──────── MATERIAL FOR THIS TASK ────────
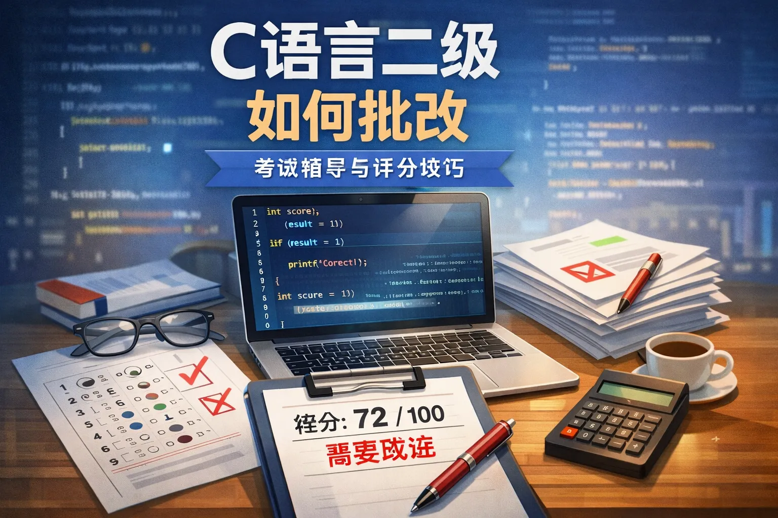 本文围绕C语言二级考试的批改规则展开,解析机器自动批改加人工复核的双轨机制,拆解客观题与主观题的评分细节,梳理常见失分误区及规避方法,并结合批改规则给出针对性备考策略与答题技巧,帮助考生快速提升得分率,减少隐性失分。
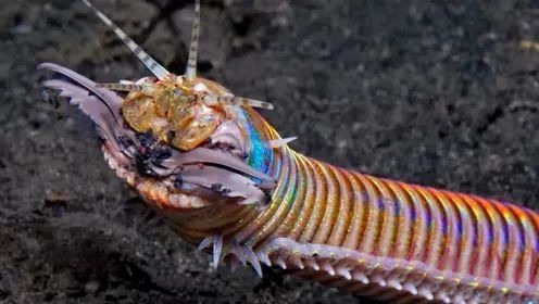 作为世界上体长最长的多毛动物,它也是一种凶猛的食肉性海洋动物,它们常常潜伏在海底,利用身上的“彩虹色”来吸引猎物,当有猎物经过身旁时,它们就会突然发动袭击,利用它们锋利的下颚,直接将大型动物截肢、撕碎,然后再开始进食。
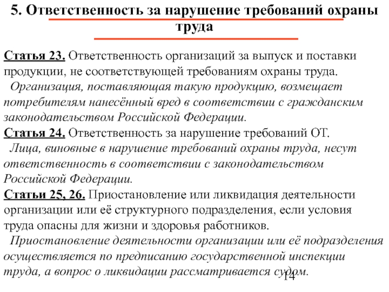 Слайд 145. Ответственность за нарушение требований охраны труда
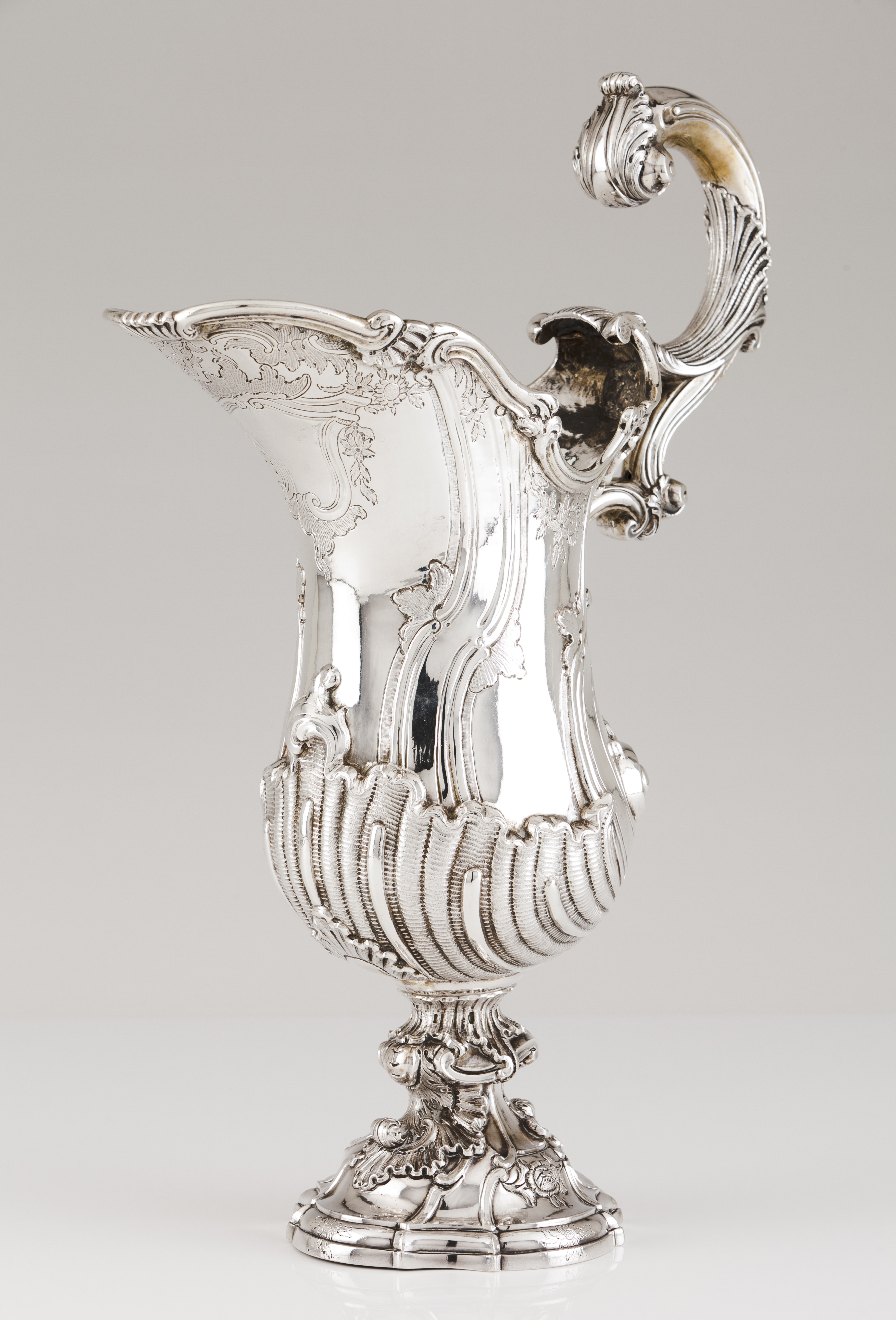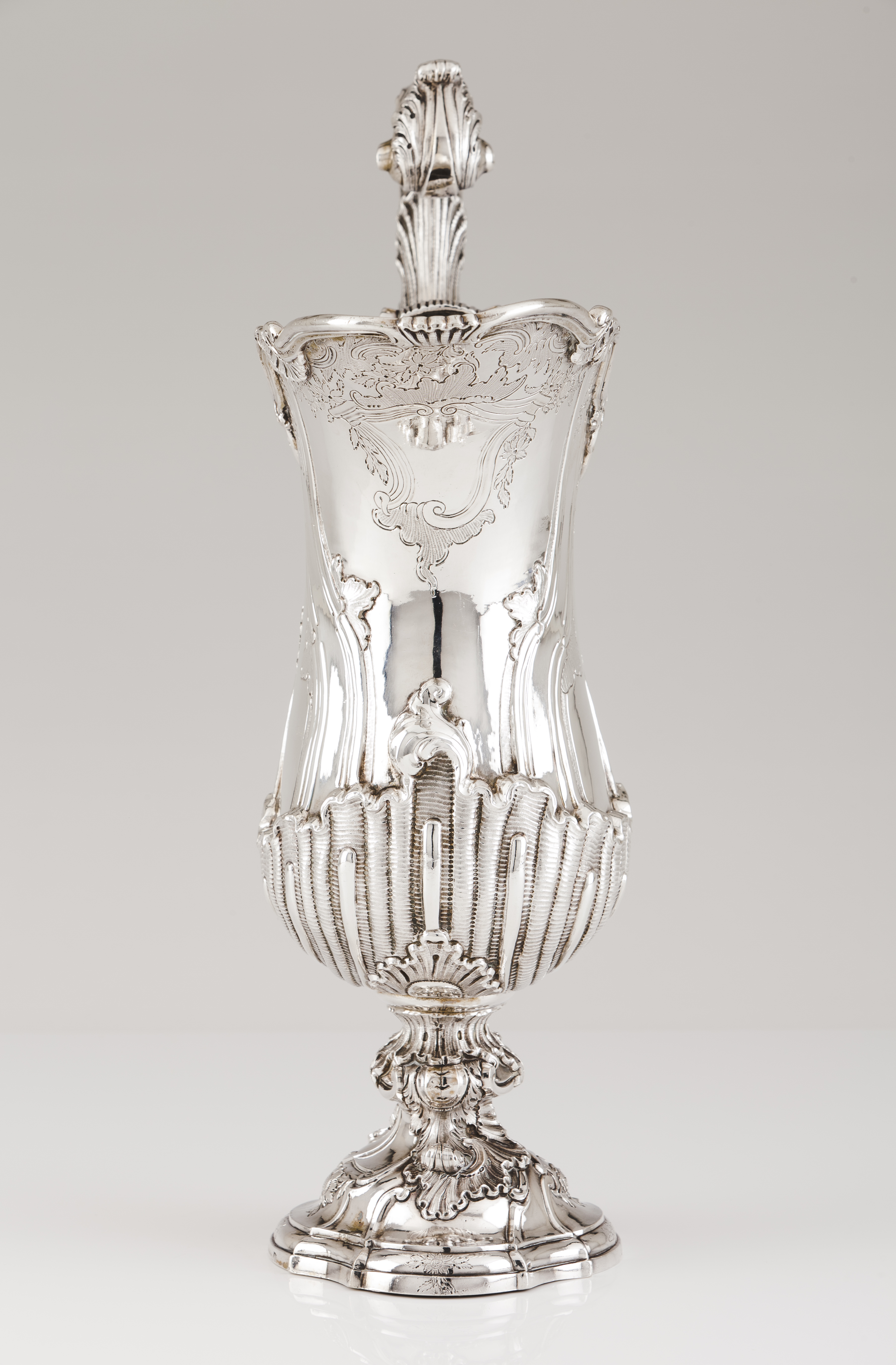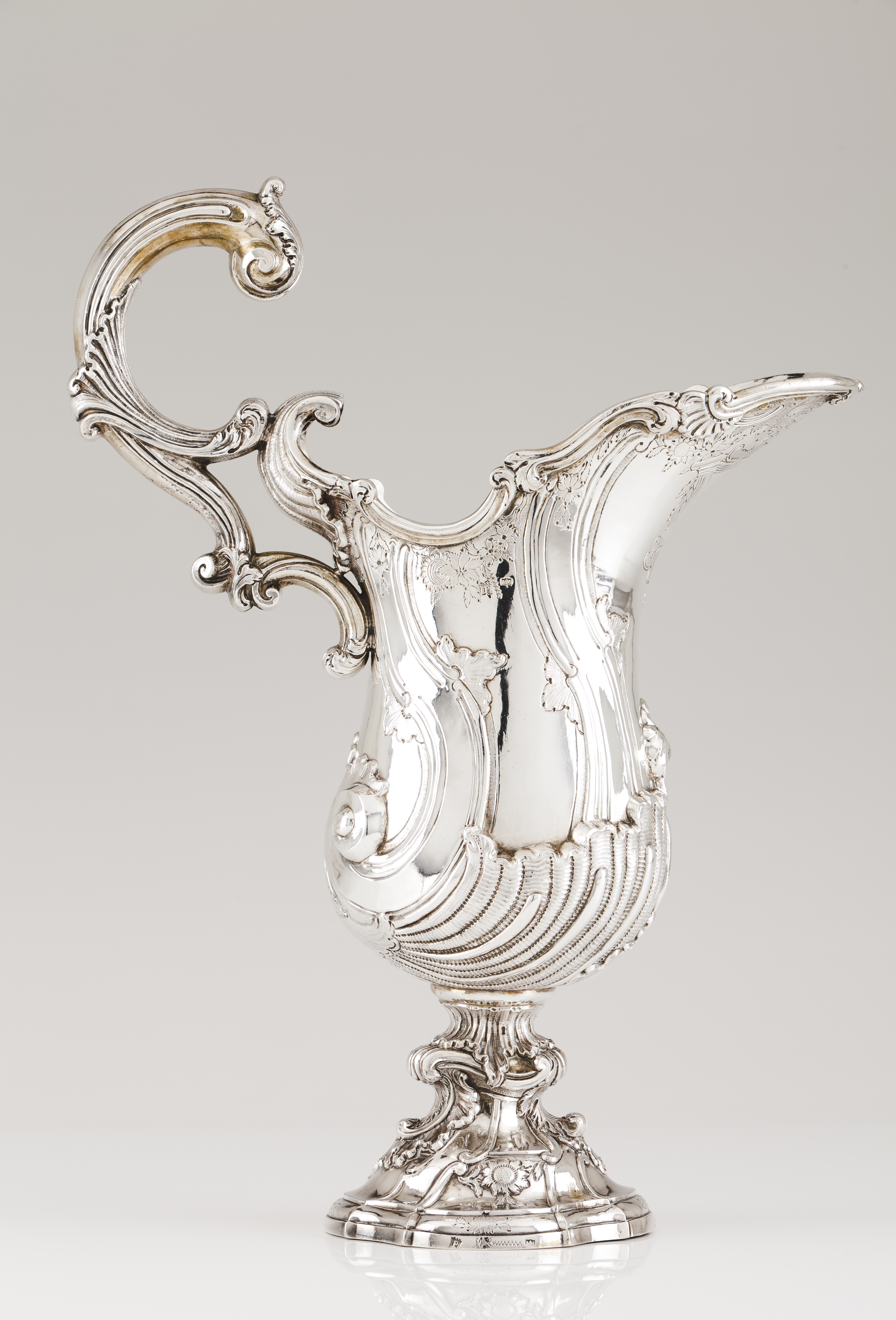 Corpo em forma de elmo invertido com profusa decoração repuxada e cinzelada, bico largo e recortado com moldura em aletas, parte inferior em concha, de onde partem estrias e nervuras assimétricas, interrompidas por voluta com concheados, decorado junto ao bordo por grinaldas gravadas e reserva assimétrica na parte inferior do bico
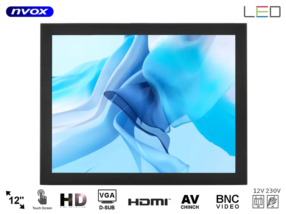- branded Digital LED Hi-Contrast matrix with increased brightness, contrast and sharpness - increased readability of the screen in the sun - advanced high-permeable color filter - special frame allows you to freely build the monitor - solid metal housing - touch screen - VGA input - HDMI input - ideal for use in: interactive kiosk, slot machine, POS, advertising stand, intelligent information point, etc. • 12inch LED digital display, TFT matrix 4: 3 (Active Matrix System)• TFT matrix 4:3 (Active Matrix System)• brightness 500:1, contrast 1000:1• resolution 1024 x 768px• HDMI mode: 480i, 480p, 720p, 1080i, 1080p• functional simple MENU• USB input - for touch control connection• VGA input• HDMI input• systems: PAL/NTSC• power consumption • power supply: DC 12V / AC 230V• black• weight: approx. 1.5 kg• dimensions with frame: W 307mm x H 217mm x Gr. 40mm• Enclosure dimensions: width 279mm x height 217mm x thickness 40mmin the set: - monitor, - remote control, - VGA cable, - HDMI cable, - board with drivers, - 230V power supply, - instr. Handling
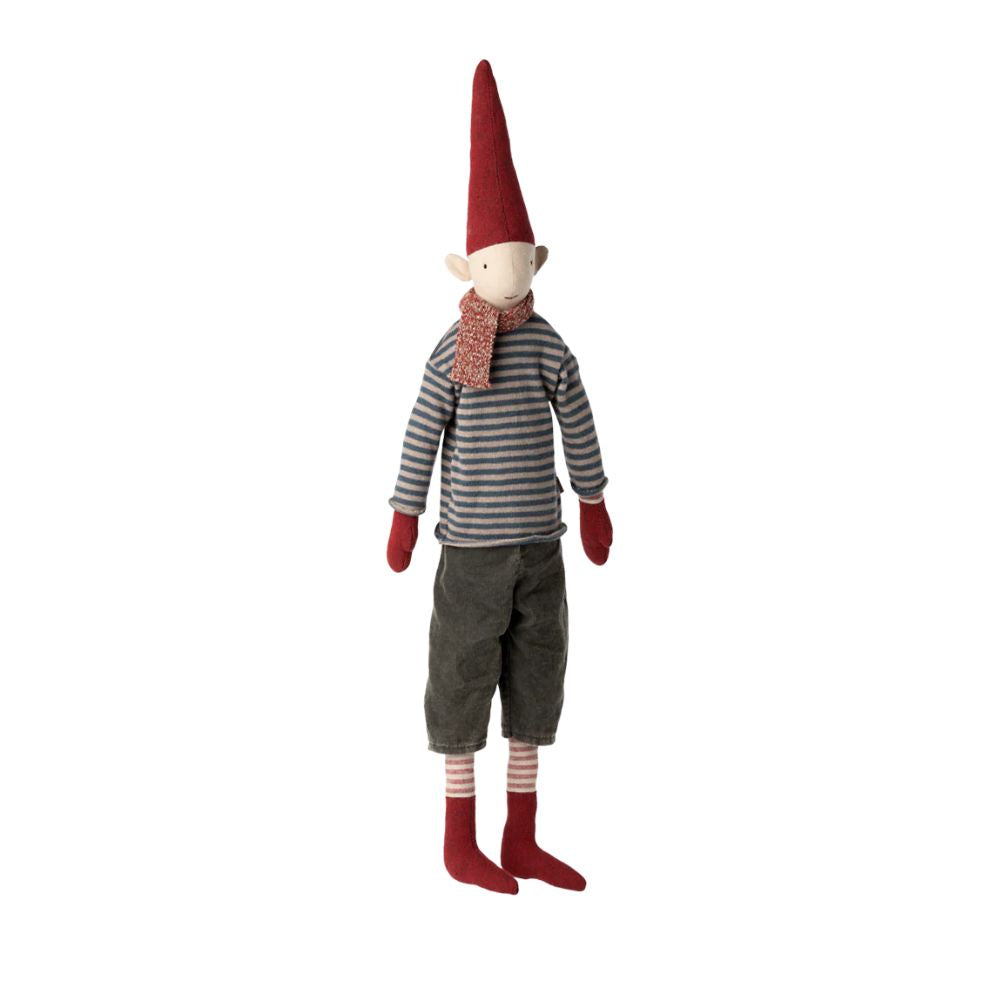 Der Maileg Pixy Size 4 Junge ist mit einer Größe von etwa 61 cm ein echter Blickfang in der Weihnachtsdekoration. Er trägt festliche Kleidung im typischen Maileg Stil und überzeugt durch hochwertige Verarbeitung aus Baumwolle mit weicher Polyesterfüllung. Ob als große Figur im Wohnzimmer, am Kamin oder neben dem Weihnachtsbaum, dieser Pixy Junge bringt skandinavische Gemütlichkeit und eine warme Atmosphäre in dein Zuhause. Er eignet sich ideal als Geschenkidee, für Sammler oder als dekoratives Highlight in der Adventszeit. Gemeinsam mit den anderen Pixy Figuren entsteht eine stimmige Weihnachtswelt, die jedes Jahr aufs Neue Freude bereitet.
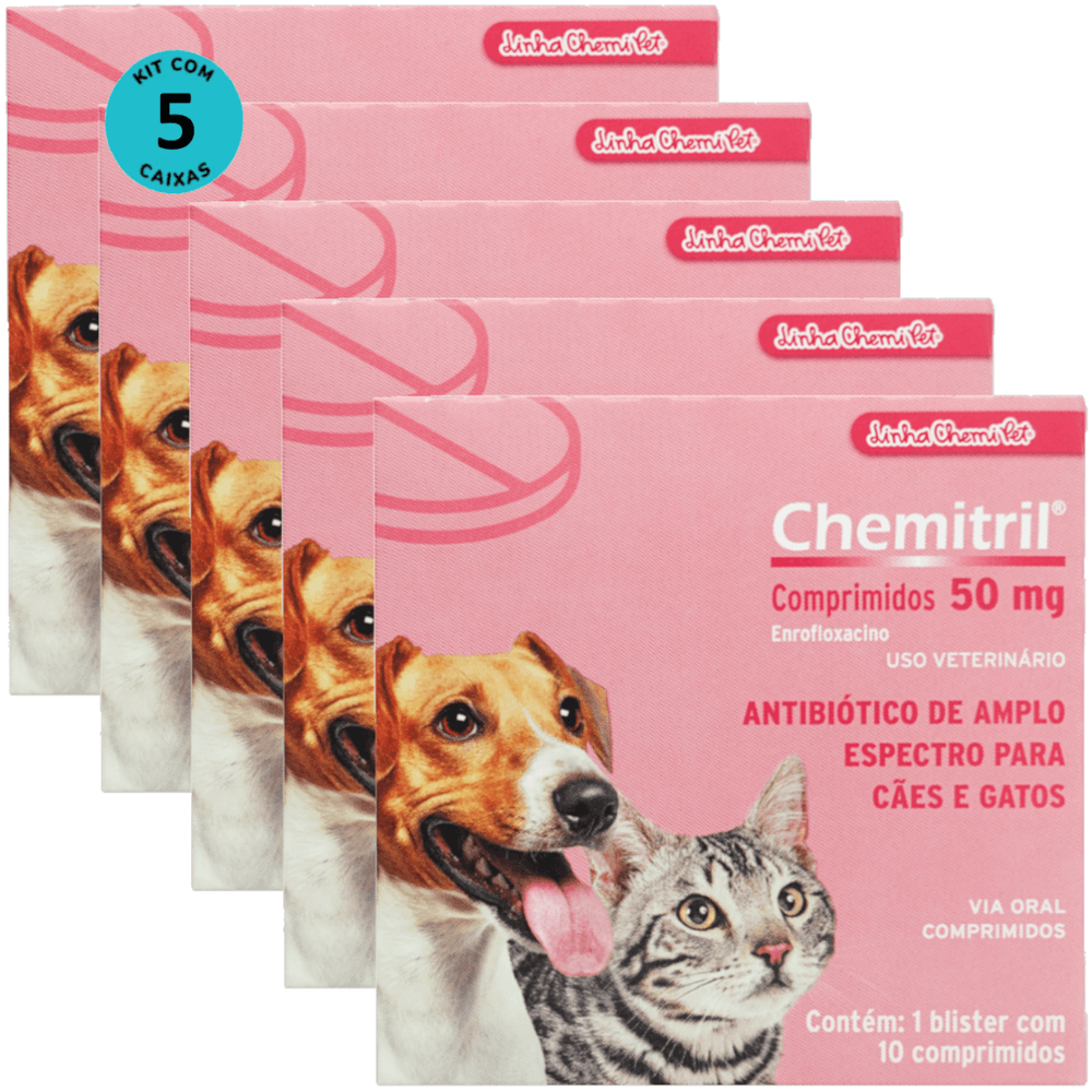 Chemitril 50mg Com 10 Comprimidos Para Cães e Gatos Chemitec Kit Com 5
────────
Hand back the data above exactly, with no images.

 本文围绕C语言二级考试的批改规则展开,解析机器自动批改加人工复核的双轨机制,拆解客观题与主观题的评分细节,梳理常见失分误区及规避方法,并结合批改规则给出针对性备考策略与答题技巧,帮助考生快速提升得分率,减少隐性失分。
 作为世界上体长最长的多毛动物,它也是一种凶猛的食肉性海洋动物,它们常常潜伏在海底,利用身上的“彩虹色”来吸引猎物,当有猎物经过身旁时,它们就会突然发动袭击,利用它们锋利的下颚,直接将大型动物截肢、撕碎,然后再开始进食。
 Слайд 145. Ответственность за нарушение требований охраны труда
 Corpo em forma de elmo invertido com profusa decoração repuxada e cinzelada, bico largo e recortado com moldura em aletas, parte inferior em concha, de onde partem estrias e nervuras assimétricas, interrompidas por voluta com concheados, decorado junto ao bordo por grinaldas gravadas e reserva assimétrica na parte inferior do bico
- branded Digital LED Hi-Contrast matrix with increased brightness, contrast and sharpness - increased readability of the screen in the sun - advanced high-permeable color filter - special frame allows you to freely build the monitor - solid metal housing - touch screen - VGA input - HDMI input - ideal for use in: interactive kiosk, slot machine, POS, advertising stand, intelligent information point, etc. • 12inch LED digital display, TFT matrix 4: 3 (Active Matrix System)• TFT matrix 4:3 (Active Matrix System)• brightness 500:1, contrast 1000:1• resolution 1024 x 768px• HDMI mode: 480i, 480p, 720p, 1080i, 1080p• functional simple MENU• USB input - for touch control connection• VGA input• HDMI input• systems: PAL/NTSC• power consumption • power supply: DC 12V / AC 230V• black• weight: approx. 1.5 kg• dimensions with frame: W 307mm x H 217mm x Gr. 40mm• Enclosure dimensions: width 279mm x height 217mm x thickness 40mmin the set: - monitor, - remote control, - VGA cable, - HDMI cable, - board with drivers, - 230V power supply, - instr. Handling
 Der Maileg Pixy Size 4 Junge ist mit einer Größe von etwa 61 cm ein echter Blickfang in der Weihnachtsdekoration. Er trägt festliche Kleidung im typischen Maileg Stil und überzeugt durch hochwertige Verarbeitung aus Baumwolle mit weicher Polyesterfüllung. Ob als große Figur im Wohnzimmer, am Kamin oder neben dem Weihnachtsbaum, dieser Pixy Junge bringt skandinavische Gemütlichkeit und eine warme Atmosphäre in dein Zuhause. Er eignet sich ideal als Geschenkidee, für Sammler oder als dekoratives Highlight in der Adventszeit. Gemeinsam mit den anderen Pixy Figuren entsteht eine stimmige Weihnachtswelt, die jedes Jahr aufs Neue Freude bereitet.
 Chemitril 50mg Com 10 Comprimidos Para Cães e Gatos Chemitec Kit Com 5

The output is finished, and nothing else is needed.